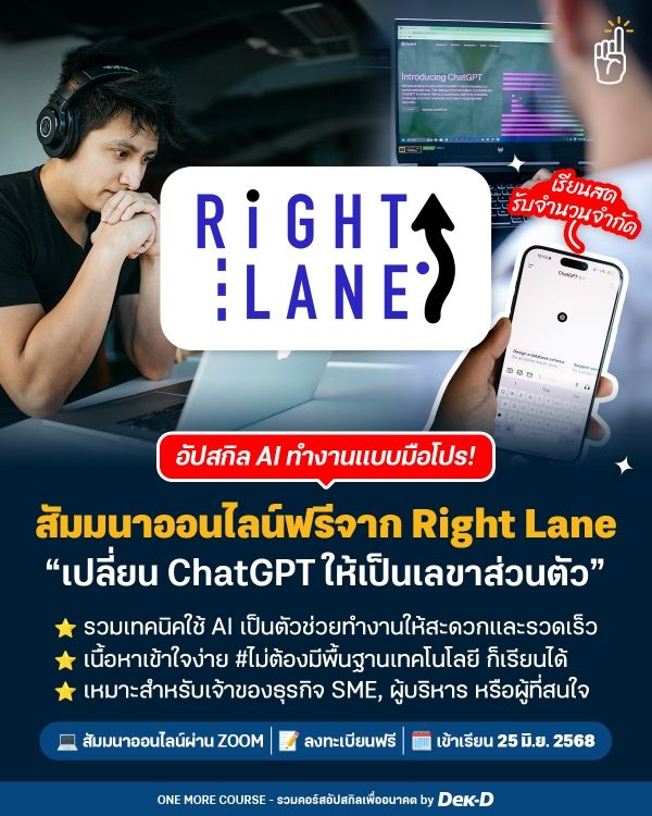 ยุคนี้ทุกอย่างเน้นความฉับไว และมี AI เข้ามามีบทบาทในการทำงาน และสำหรับใครที่อยาก upskill ไม่ให้ตกขบวน วันนี้ One More Course มีสัมมนาออนไลน์ฟรี หัวข้อ “สร้างเลขาส่วนตัว มาช่วยงานแบบง่ายๆ ด้วย ChatGPT” ที่เสิร์ฟโดย Right Lane มาบอกต่อทุกคน!
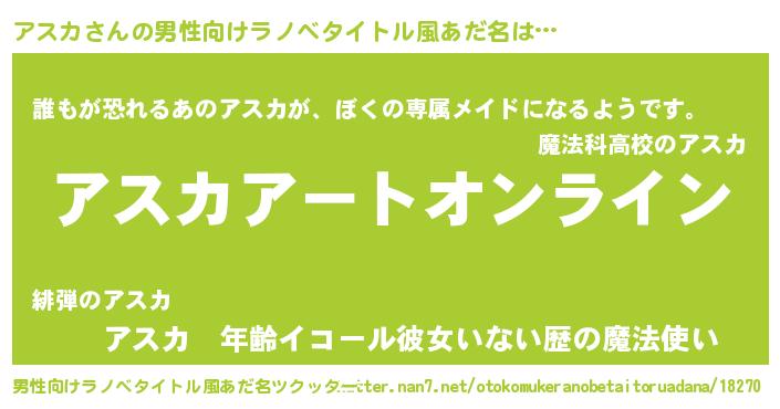 | 女子向けラノベタイトル風あだ名 | 『アスカ姫と円卓の騎士』 |
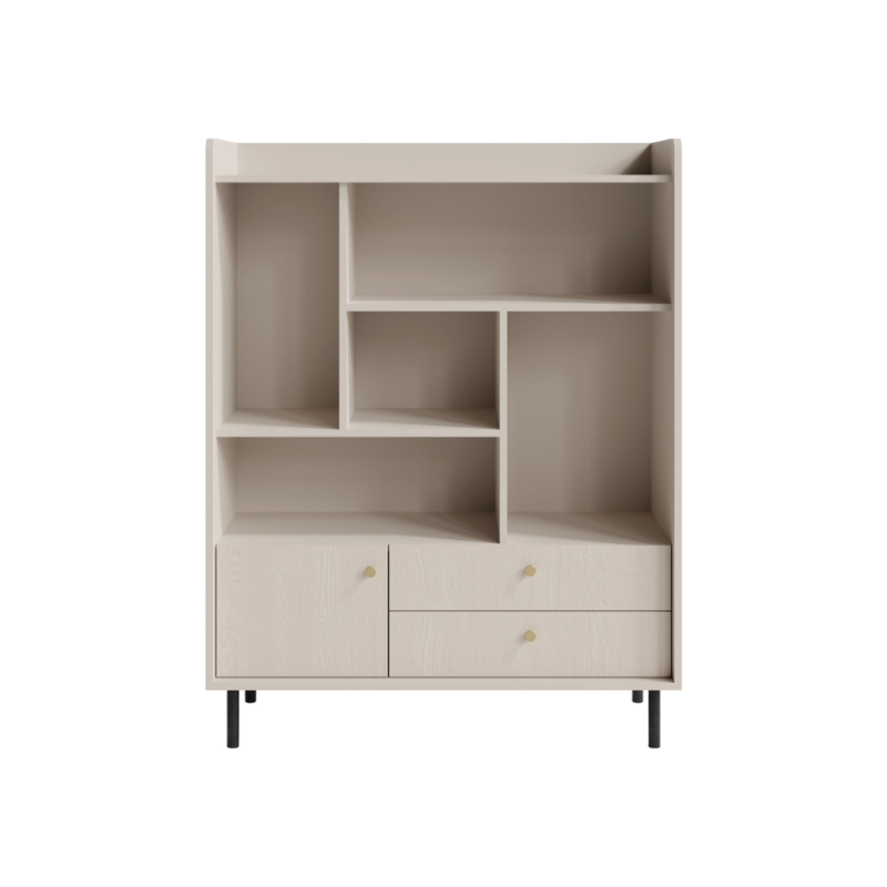 Regał GR3 z kolekcji Grande od producenta Meblar to elegancki i funkcjonalny mebel, który doskonale wpasuje się w nowoczesne wnętrza. Wykonany z wysokiej jakości laminowanej płyty o grubości 16 mm, zapewnia trwałość i odporność na uszkodzenia. Jego powierzchnia wykończona jest w piaskowym odcieniu beżu, łącząc gładkie elementy z subtelną strukturą drewna na frontach, co nadaje mu unikalny charakter. Dodatkowo, regał wyposażony jest w solidne, czarne, metalowe nóżki oraz minimalistyczne uchwyty w złotym kolorze, które podkreślają jego nowoczesny styl.
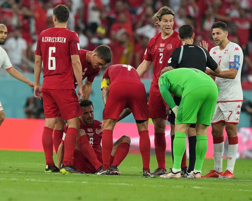 The 31-year-old midfield anchor went down in the dying moments of the first half in Denmark’s group D opener against Tunisia, which his side drew 0-0, and had to be replaced by Brentford attacker Mikkel Damsgaard in first-half stoppage time.
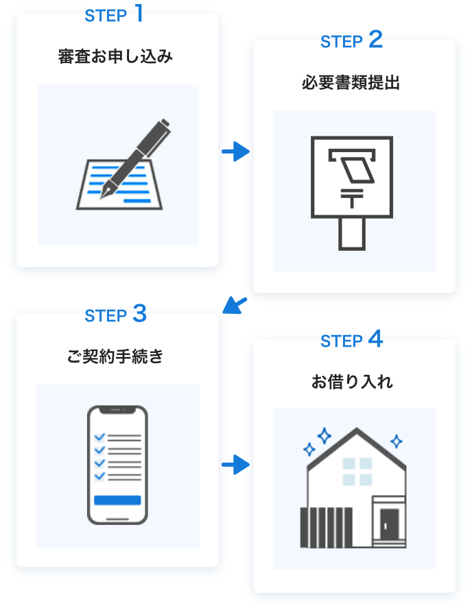約5営業日を目安に審査に必要な書類のご案内を発送いたします。
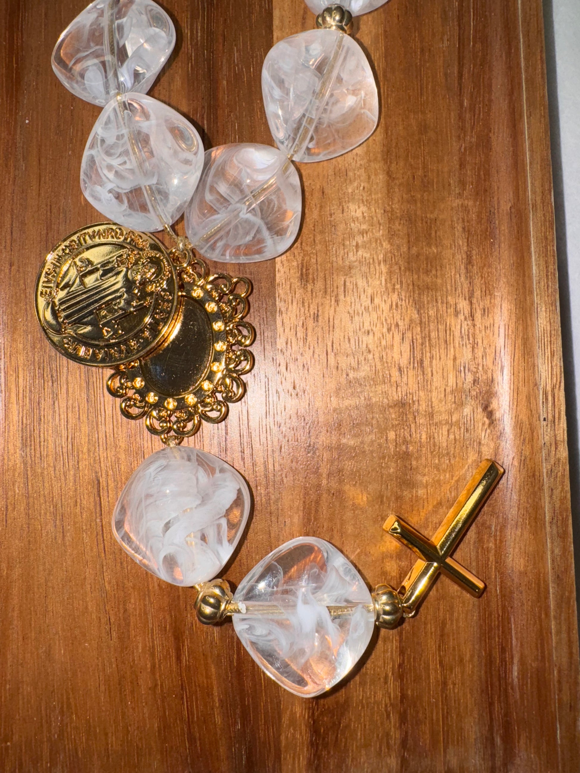 Decorative Table Necklace with Saint Benedict Medal
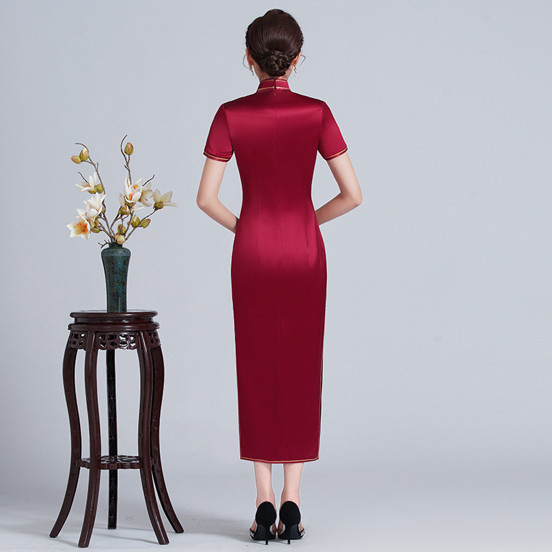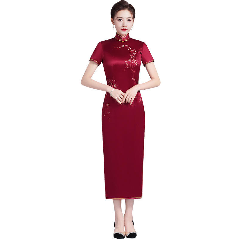 2022款喜婆婆旗袍改良酒红刺绣高贵妈妈婚宴装婚庆敬酒礼服中长款
• • • • • • •
# Instructions for the task
In transcribing the records, omit the pictures and keep everything else exactly as it appears.

# Reply to the exercise
 ยุคนี้ทุกอย่างเน้นความฉับไว และมี AI เข้ามามีบทบาทในการทำงาน และสำหรับใครที่อยาก upskill ไม่ให้ตกขบวน วันนี้ One More Course มีสัมมนาออนไลน์ฟรี หัวข้อ “สร้างเลขาส่วนตัว มาช่วยงานแบบง่ายๆ ด้วย ChatGPT” ที่เสิร์ฟโดย Right Lane มาบอกต่อทุกคน!
 | 女子向けラノベタイトル風あだ名 | 『アスカ姫と円卓の騎士』 |
 Regał GR3 z kolekcji Grande od producenta Meblar to elegancki i funkcjonalny mebel, który doskonale wpasuje się w nowoczesne wnętrza. Wykonany z wysokiej jakości laminowanej płyty o grubości 16 mm, zapewnia trwałość i odporność na uszkodzenia. Jego powierzchnia wykończona jest w piaskowym odcieniu beżu, łącząc gładkie elementy z subtelną strukturą drewna na frontach, co nadaje mu unikalny charakter. Dodatkowo, regał wyposażony jest w solidne, czarne, metalowe nóżki oraz minimalistyczne uchwyty w złotym kolorze, które podkreślają jego nowoczesny styl.
 The 31-year-old midfield anchor went down in the dying moments of the first half in Denmark’s group D opener against Tunisia, which his side drew 0-0, and had to be replaced by Brentford attacker Mikkel Damsgaard in first-half stoppage time.
約5営業日を目安に審査に必要な書類のご案内を発送いたします。
 Decorative Table Necklace with Saint Benedict Medal
 2022款喜婆婆旗袍改良酒红刺绣高贵妈妈婚宴装婚庆敬酒礼服中长款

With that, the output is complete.